The agency faces the same tight labor market as any other employer, but the job specs aren’t bad. A typical salary for these agents is about $125,000, plus public-employee perks such as up to $60,000 in student-loan forgiveness. But for one reason or another, America’s treasurers and accountants aren’t lining up to become federal tax collectors.

I’m skeptical that the shortfall is due to a “tight labor market”. I suspect that there are other reasons that are keeping the hiring low. An example of such requirements could be the credentials being required or relocation requirements. Given that only 34 have been hired, an enterprising journalist should be able to identify them (their hiring is public record after all) and check their locations and biographies. I suspect the truth won’t fit either the editors’ agenda or the image the IRS wants to project.

11 comments… add one
  • steve Link

    Per BLS, UE for accountants and auditors is 1.3%. While the returns on going after the high earners has always been high, they are difficult cases as they hire top level accountants and tax lawyers to defend themselves. Tax lawyers in particular get paid a lot, so I am guessing the IRS is looking for people with more than basic accounting degrees and is facing stiff competition. If they need to hire actual tax lawyers, seems likely, the pay would be a pittance as described. (In general, gove jobs overpay low level workers and underpay higher level workers compared to the private sector.)

    Anyway, why is there so much guessing? Just go look up the actual requirements.

    https://www.roberthalf.com/us/en/insights/research/data-reveals-which-finance-and-accounting-roles-are-in-highest-demand#:~:text=Job%20volumes%20in%20corporate%20accounting,unemployment%20rate%20of%20just%201.3%25.

  • Because that link tells you nothing about the IRS.

  • CuriousOnlooker Link

    Who wants to bet in approximately 5-10 years, the outcome was disappointing (as instead of the $100 billion over 10 years that were supposed to be found, they got $10 billion); and they will say the point the “rich” were almost all following the rules; since there taxes were optimized by their lawyers and accountants. Instead to really raise money Congress would need to change the rules; to eliminate all of the loopholes and gaps in tax law.

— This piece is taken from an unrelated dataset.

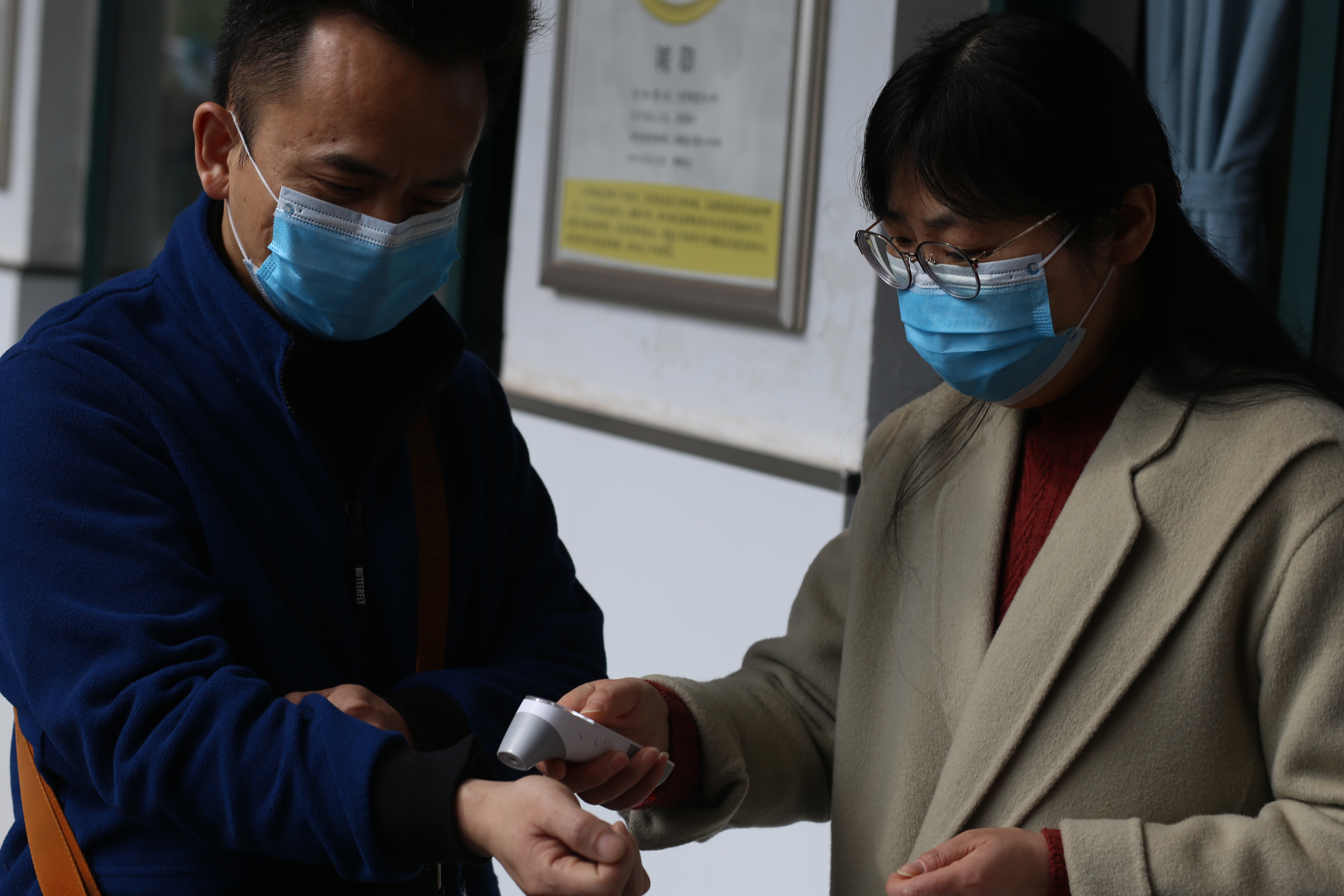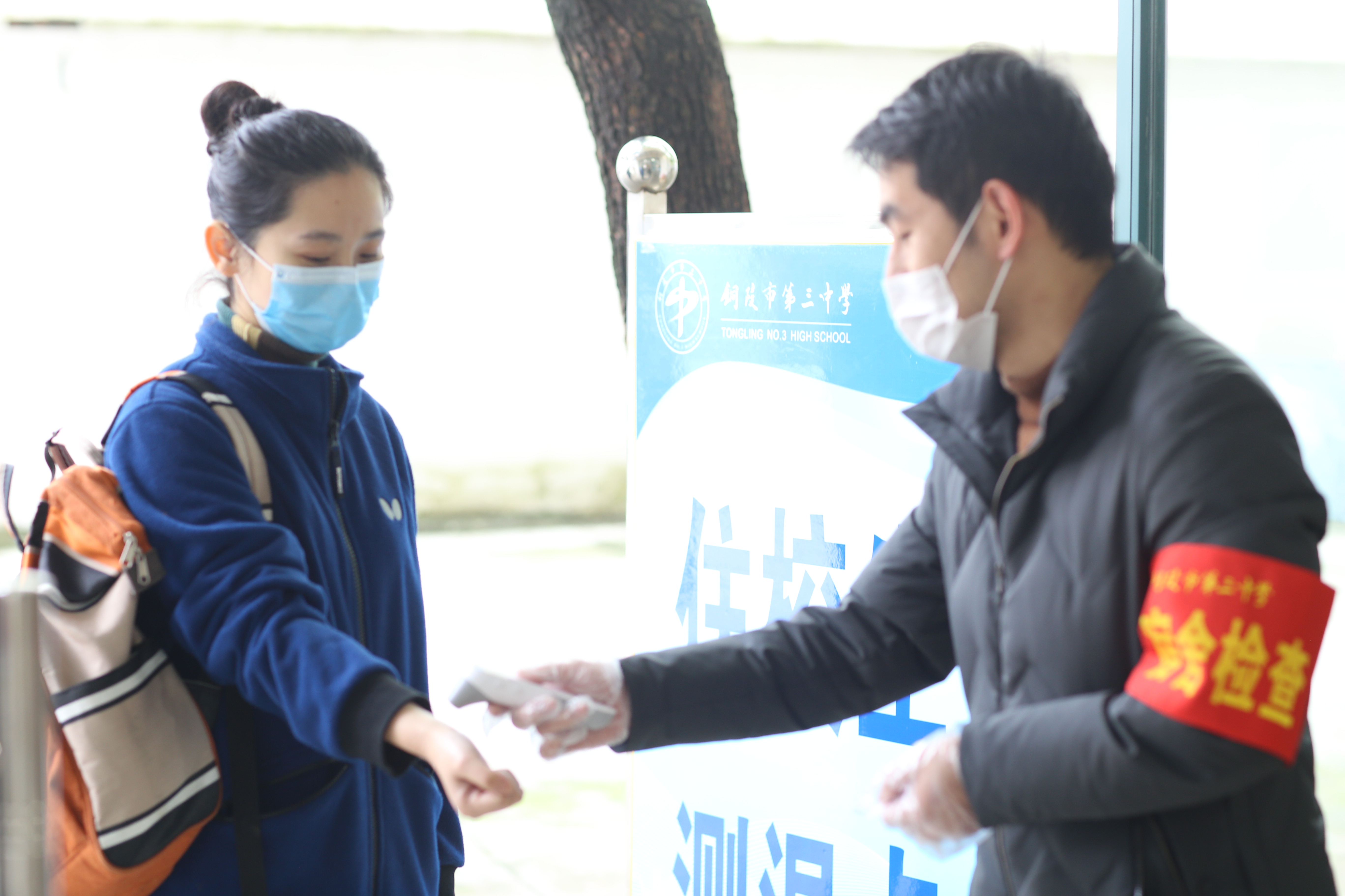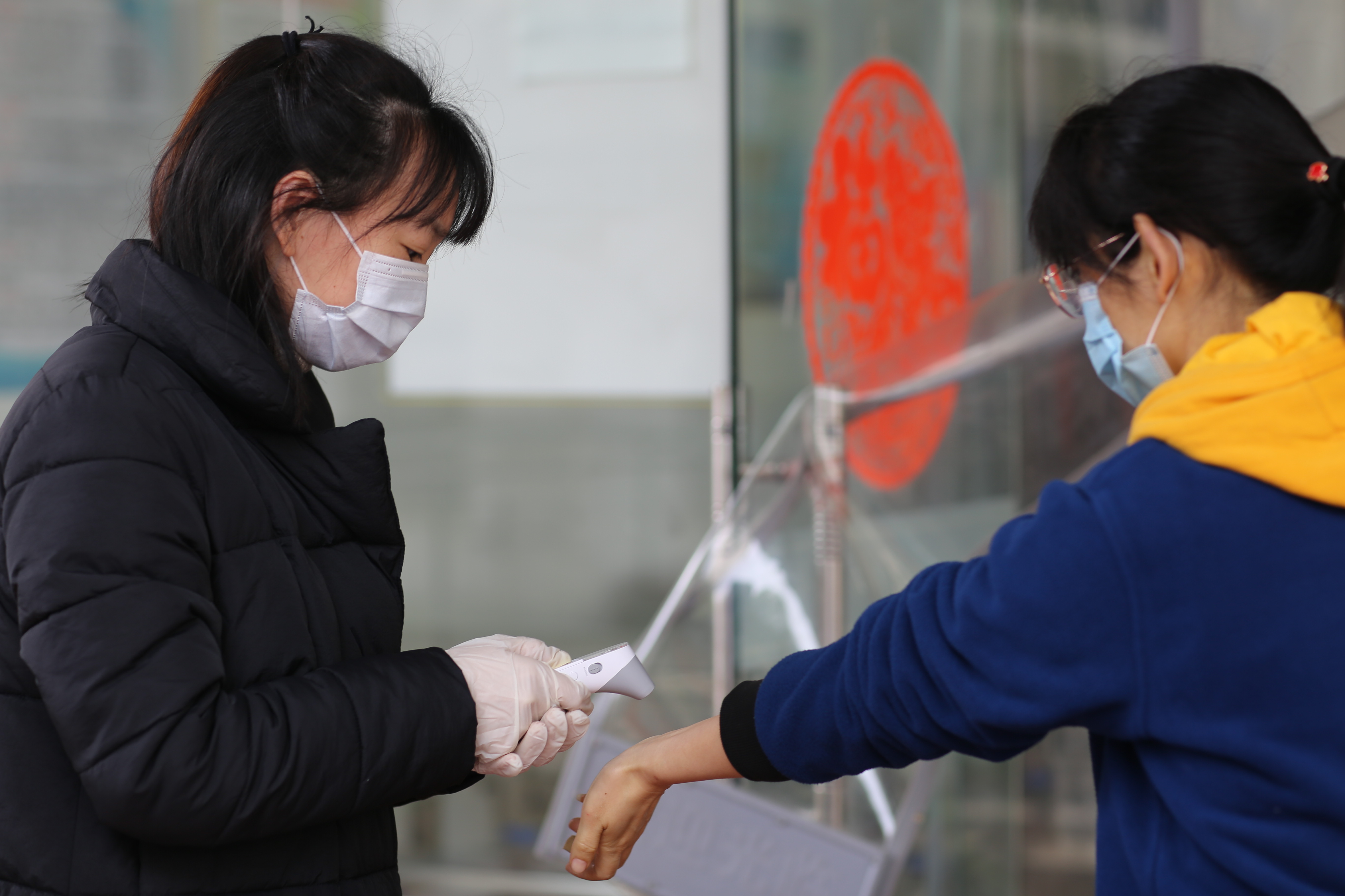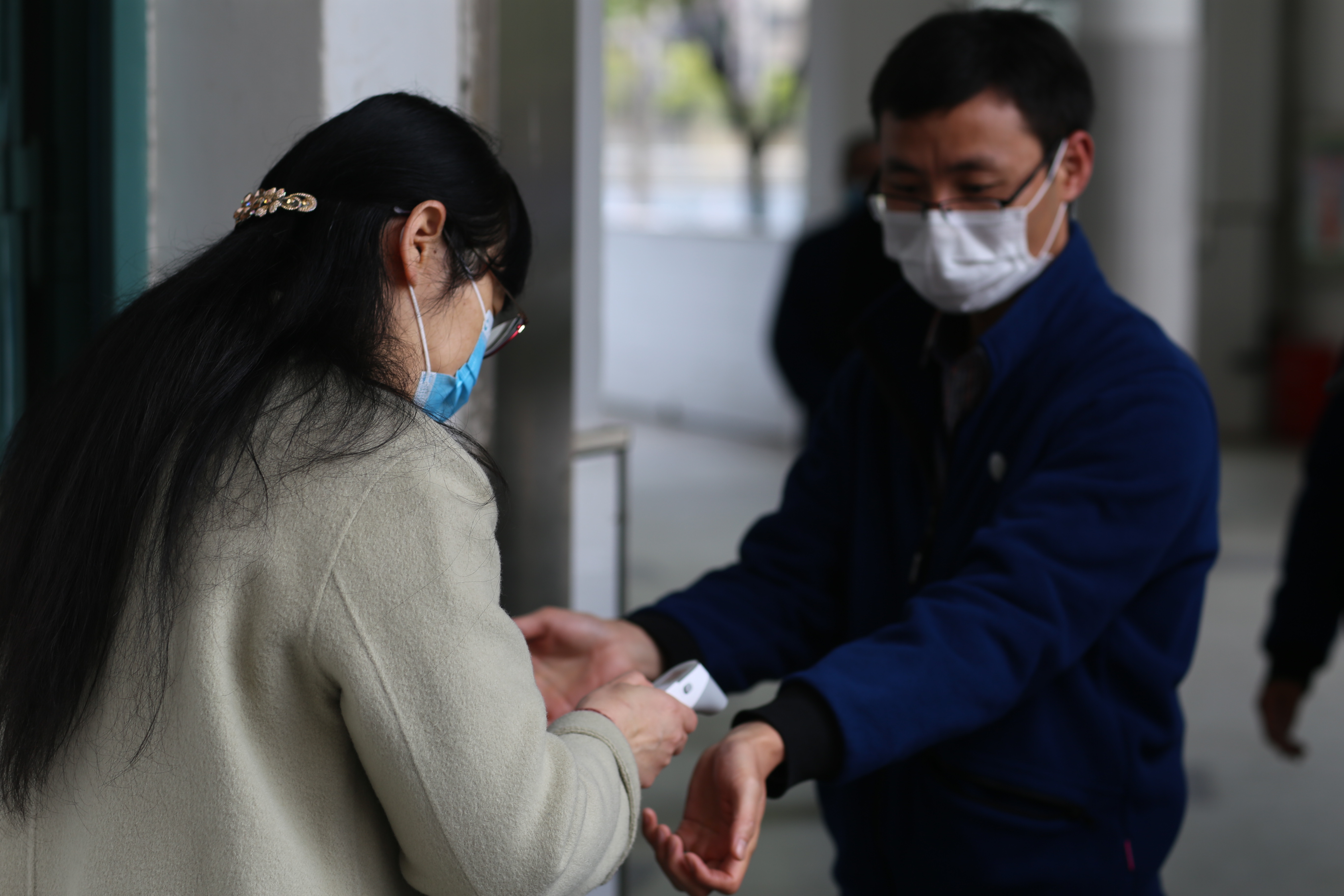 所有進(jìn)入校園人員無(wú)一例外進(jìn)行體溫檢測(cè)

    In the meantime, the supposed savings is being spent, and will have been spent already. Honestly, that’s one of the biggest problems with how Congress does budgets / accounting. “Projected savings” from changes in law gets “spent” before it actually shows up on the income statement.

  • Zachriel Link

    steve: Tax lawyers in particular get paid a lot, so I am guessing the IRS is looking for people with more than basic accounting degrees and is facing stiff competition.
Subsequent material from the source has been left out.